Я растерялся, безнадежно силясь найти какие-то только ей нужные слова, чтобы поняла — не напрасно прошла жизнь; вот такие, как она, выволокли на своих плечах всю тяжесть лихолетья, кормили и обогревали солдат невиданной на свете войны, обули, и одели, и снова накормили голодную, голую, истерзанную пожарищами битв, свою, да и не свою, землю, и до сих пор еще несут на плечах трудную обязанность матерей и кормилиц. И каждый, кто понимает, что добрый хлебушко и хрустящая в румяной корочке булочка и самое что ни на есть деликатное пирожное создаются не в белой кафельной электрической печи фабрик-кухонь и заводов, не среди крахмальных халатов и снежно чистых цехов, а вот тут, этими вот коричневыми, жесткими руками, каждый честно, умерив и осадив в себе горделивость и никчемную спесь, каждый обязан поклониться ей, как богине, потому что нет на земле более святого, более достойного поколения, чем она — терпеливая, многострадальная русская баба, — жизнь продолжающая и творящая.

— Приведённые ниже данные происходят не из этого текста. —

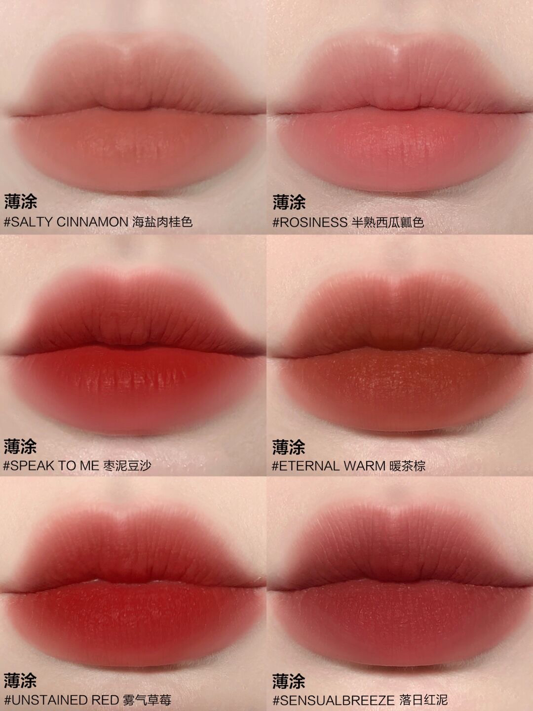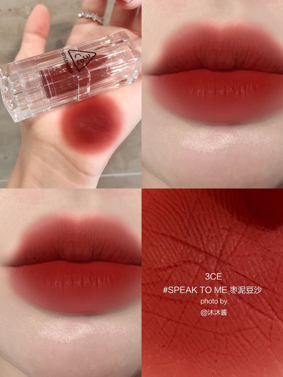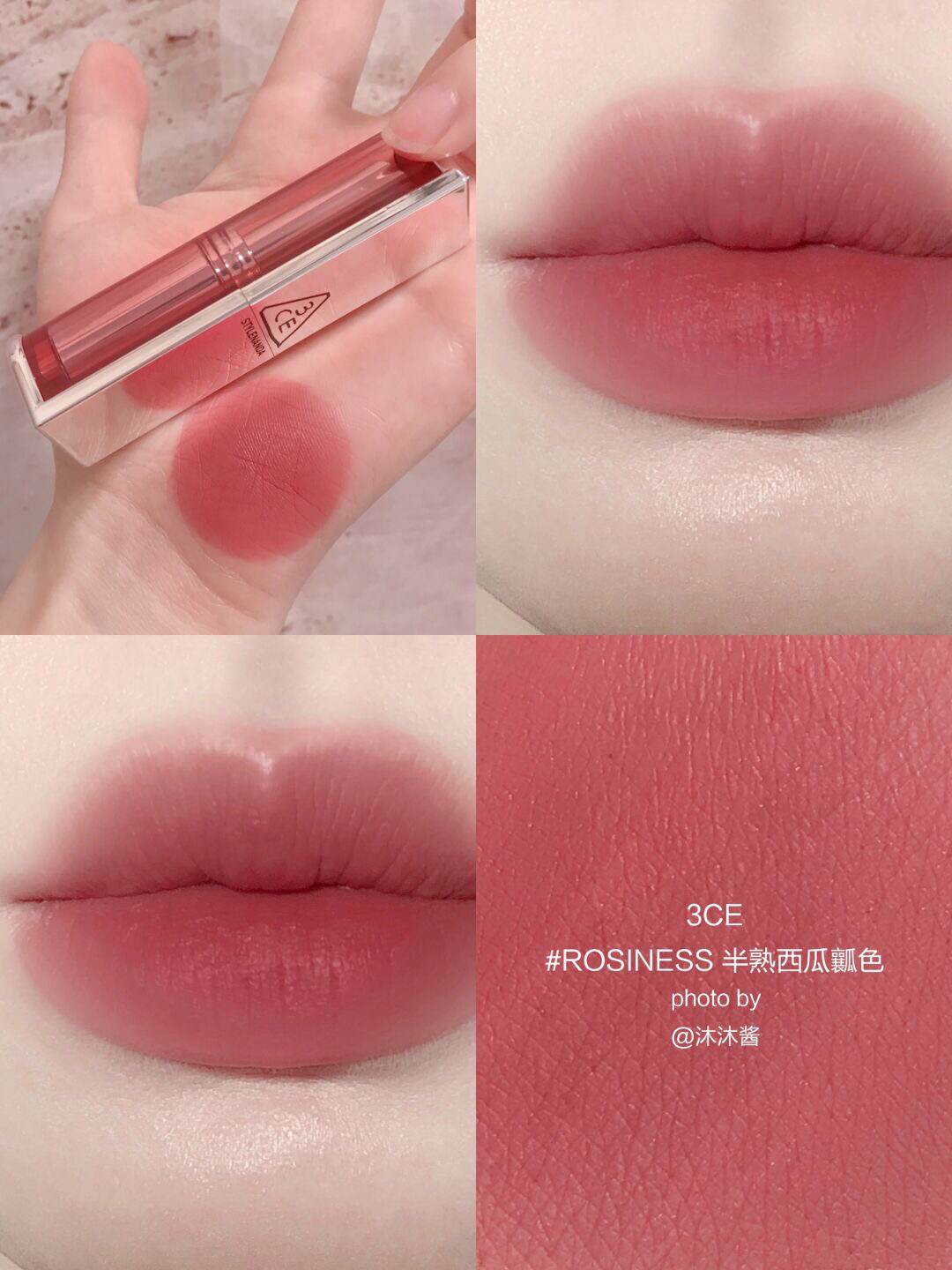 为3CE的纯欲文学低头! 夏日清透口红色合集✨每一支都美到心尖尖~ ▫️SALTY CINNAMON 海盐肉桂色,低饱和裸杏色,温柔清冷不挑人,素颜超爱! ▫️ROSINESS 半熟西瓜瓤色,瓜瓤牛奶粉,清纯甜嫩少女色,超初恋感! ▫️SPEAK TO ME枣泥豆沙,洋气枣泥红,温柔又大方很显高级,日常超可! ▫️SENSUAL BREEZE落日红泥,冷调陶土红棕,减龄显气质,特千金感! ▫️UN...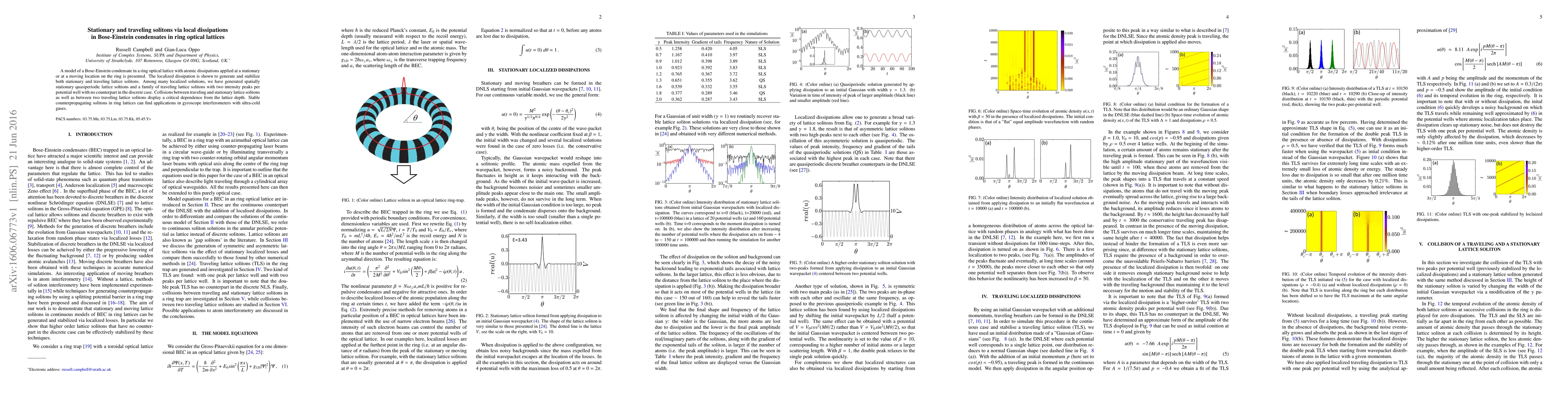 This paper presents a model for Bose-Einstein condensates in ring optical lattices with localized dissipations, showing the generation and stabilization of both stationary and traveling solitons. The study reveals unique quasiperiodic and traveling lattice solitons, with soliton behavior critically dependent on lattice depth, potentially useful in gyroscope interferometers.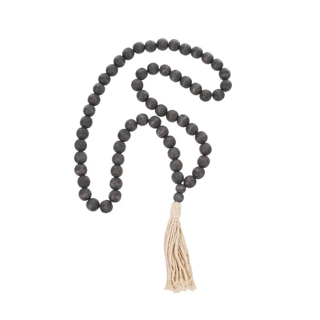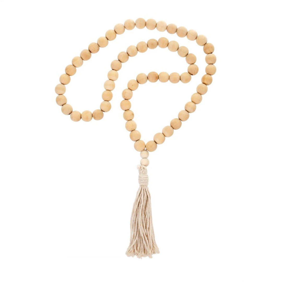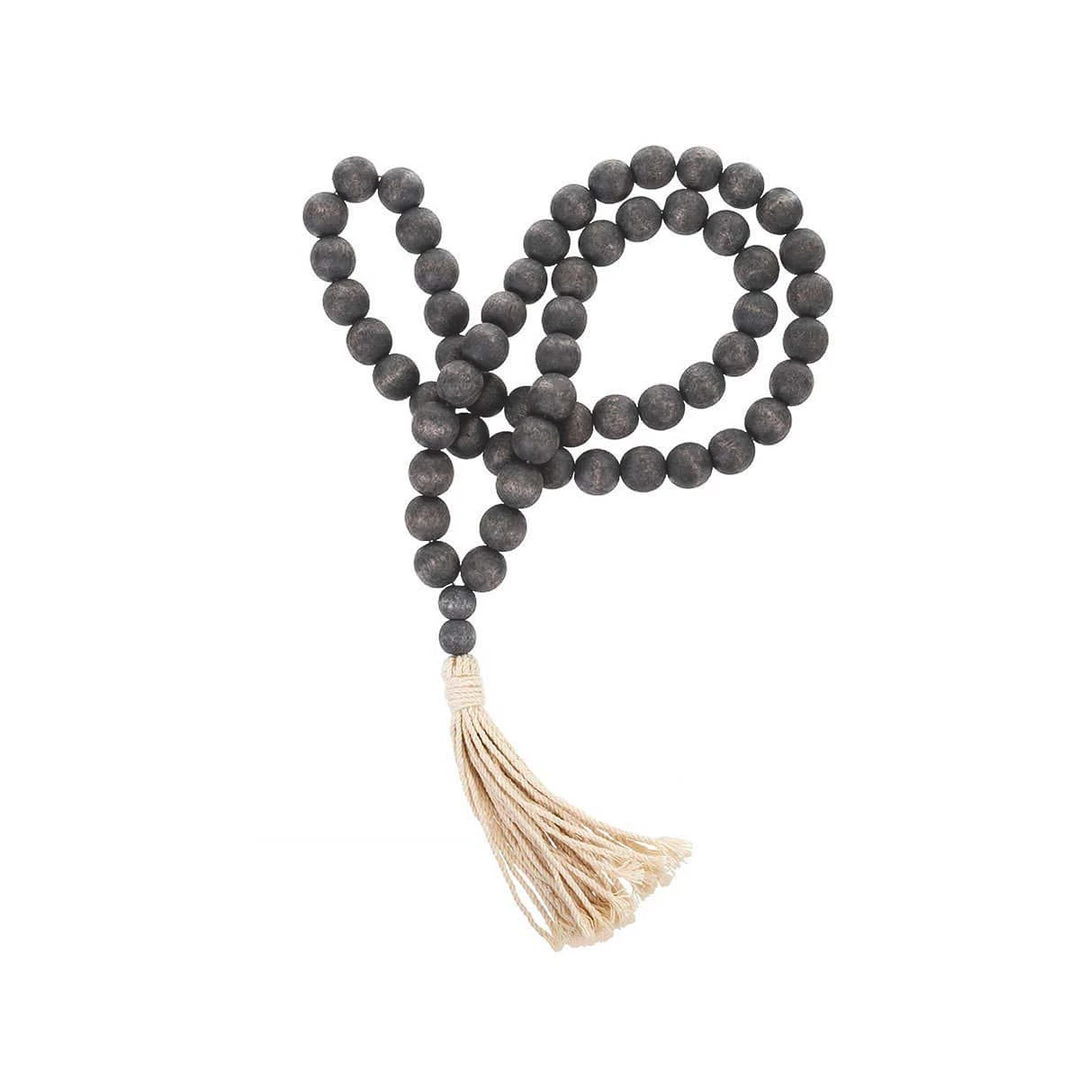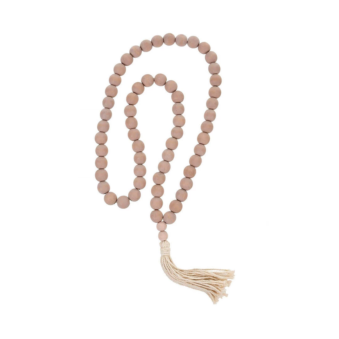 The Tassel Beads are a symbol of love, luck and meditation, these wooden bead strands are accentuated by a thick cotton tassel. Display them over a mirror, vessel, hook, or coffee table.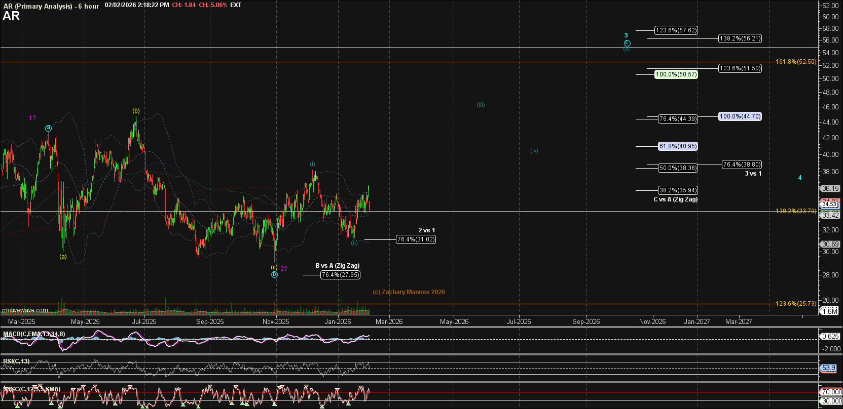 Rather than reacting violently to each fluctuation in energy prices, AR has started to move with greater organization. Pullbacks are being contained rather than extended. Advances are followed by consolidation instead of immediate rejection. These are often early signs that corrective pressure has largely run its course and that new positioning is forming beneath the surface.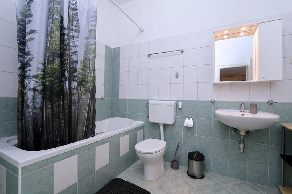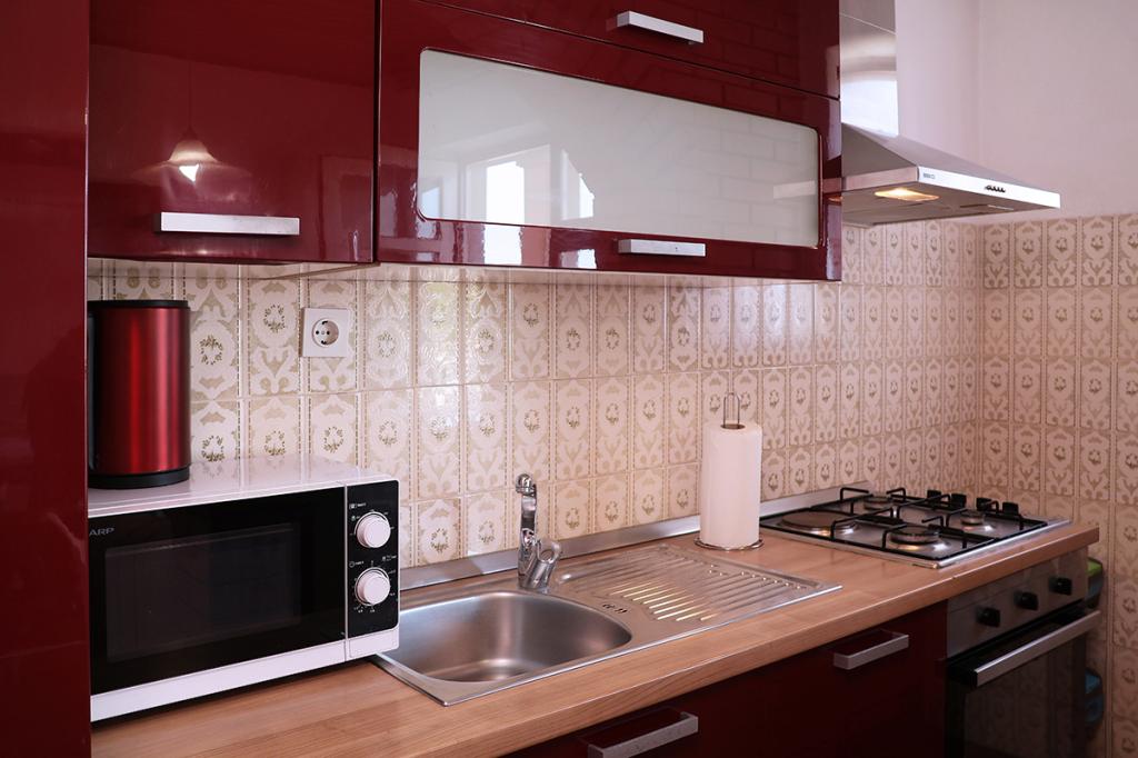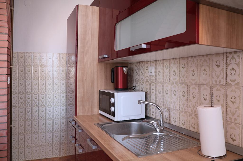 Zakwaterowanie było bardzo wygodne dla naszej rodziny (2 dorosłych i 16-letniego syna), wystarczająco duże i dobrze wyposażone. Kuchnia jest nowoczesna i zawiera wszystko, czego potrzebujesz (kuchenka, mikrofalówka, czajnik, zlew i naczynia), służy bezpośrednio jako salon z dużym pokojem i jednocześnie miejscem do spania dla naszych dorosłych. Sypialnia udostępniana jest jako osobne pomieszczenie - ergonomiczne i kompaktowe: z podwójnym łóżkiem i szafą. Sypialnia znajduje się w zacienionej części mieszkania i oferuje chłodną przestrzeń. Łazienka jest ogromna i ma dużą wannę z prysznicem. Jest tam w pełni funkcjonalna pralka, a nawet suszarka do włosów. Niestety zauważyliśmy tylko jedną wadę: klimatyzacja nie działa prawidłowo. Znajduje się w korytarzu i powinno chłodzić całe mieszkanie, wystarczy przewietrzyć. Mieszkanie ma własny taras, który jest piękny. W kompleksie mieszkalnym na wyższym poziomie znajduje się duży taras dla wszystkich gości, z którego roztacza się wspaniały widok na morze, stare miasto i miasto jako całość. Po prostu bardzo przydatny do podziwiania zachodów słońca. Jesteśmy na wakacjach w Makarskiej po raz piąty i dlatego możemy porównać z poprzednimi kwaterami: to był TOP apartament z bardzo przyjaznymi gospodarzami i piękną lokalizacją w centrum starego miasta.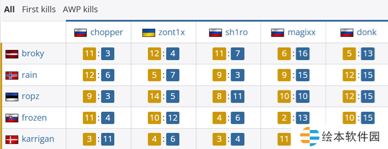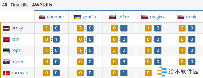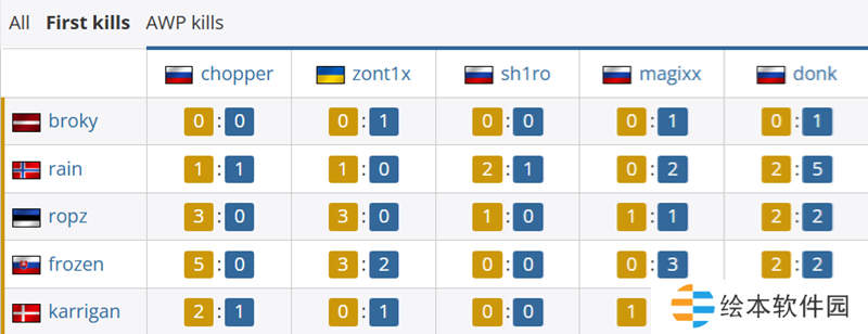 Robin Kool | ropz平分秋色之外,对于其他FaZe选手也占据优势。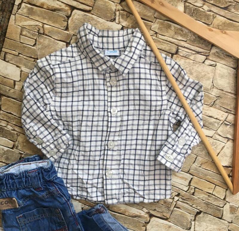 Сорочечка для хлопчика на зріст 68 см Тканина м'яка, дуже приємна до тіла, 100% котон. Стан нової, без бірки. Плечі 21 см ПОГ 25 см Рукав 23см Довжина 30 см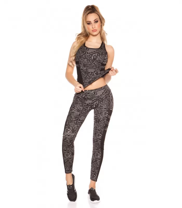 Mustat printtikuvioiset mesh-koristeiset treenitrikoot ja yhteensopiva treenitoppi. Käytä yhdessä tai erikseen!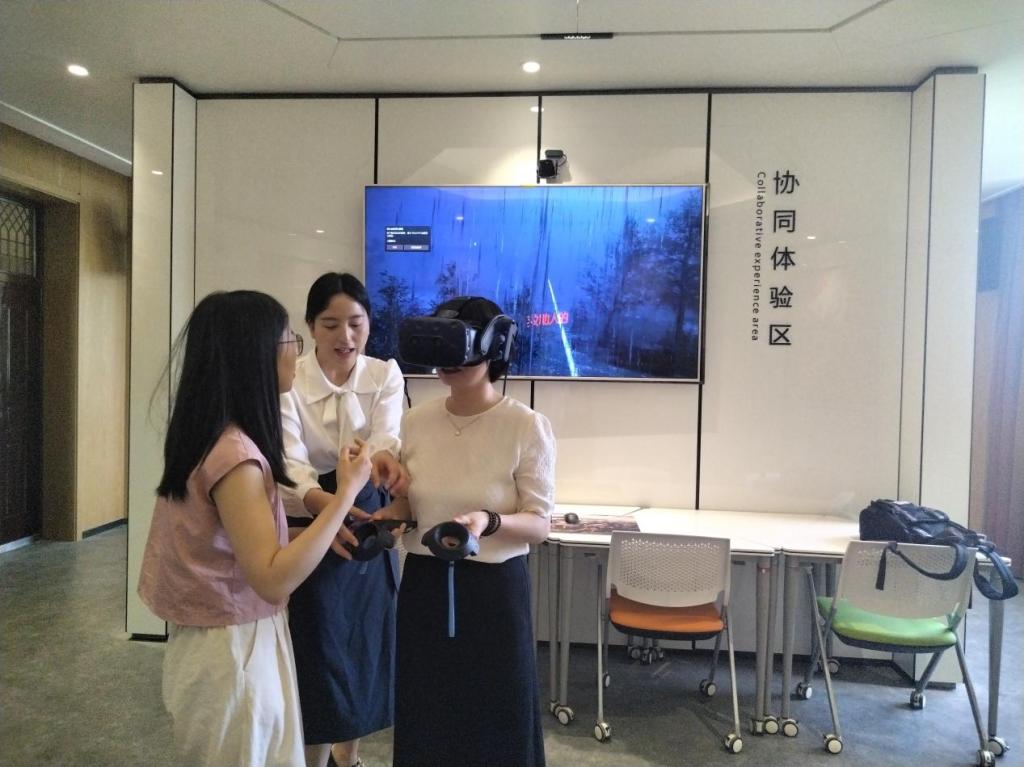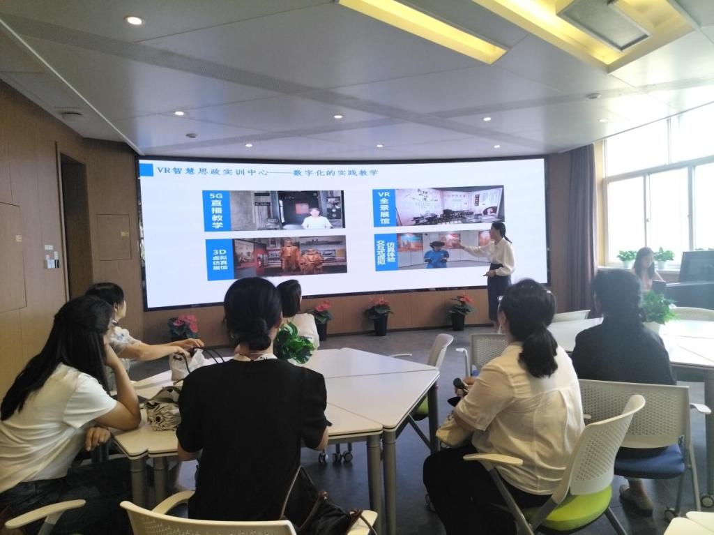 在实训中心相关老师的陪同下,调研组老师们参观了智慧思政实训基地——“学马研习·践创空间”,对智慧思政实训基地的整体建设思路、功能定位及技术支持等情况进行了细致了解,同时切身感受了VR与3D红色资源建设效果。

Я думал об этом, а Нега плакала, чуть отвернувшись от стола и собирая слезы кончиком платка, как это умеют делать только наши деревенские женщины.
И вдруг жалость, не сравнимая ни с какой рассудительностью об уважении и величии Человека, защемила мне сердце, и я почувствовал, что тоже могу заплакать. И как ни странно, от этой человеческой жалости стало мне легче, что, дескать, я понимаю, жалею ее и готов разделить слезами, по крайней мере, ее печаль. И еще сознание того, что не утратил этого вот чувства и, может быть, один среди эгоизма и черствости друг к другу так вот чисто могу жалеть далекого человека, согрело меня. И кажется, те самые нужные слова родились в душе, и я понимал, что от них станет легче Неге.
— Не надо плакать, — как можно ласковей сказал я и даже потянулся к ее руке.
— Да как же не плакать-то?! Как не плакать-то! Коровок жалко…
— Почему коровок? — немало удивился я.
— Вторые сутки пошли, как не доены. Я ног лишилась, днем и ночью по тайге металась, кликала. Вернулась в деревню, а их все нет. Четверта дойка подходит, а их нет. Как же не жалеть? Жалко-о-о…
Не знаю, было ли когда-нибудь так стыдно мне, как в тот момент, когда я, готовый пожалеть ее, вдруг услышал причину горя. Не себя, коровок жалела она, как можно жалеть только родное дитя, кровного, близкого тебе человека. «Коровок жалко!»
— Пастух наш, бесстыжие его глаза, угнал стадо в тайгу, потерял, напившись до гыка. Лошадь самого к вечеру приволокла в деревню, по сю минуту пьян. Мы на вечернюю дойку приплыли — нет стада. Заладились искать. Бабы по теми вернулись, а я до солнышка по тайге металась. На утро в деревню — нет коров. Собрала наших доярок, скотниц, Иннокентия Кирьяныча — завотделением — и снова в тайгу. Перед вашим приходом возвернулась, сейчас заново побегу. Жалко ведь коровок-то, горит у них молочко. Не ровен час — захворают.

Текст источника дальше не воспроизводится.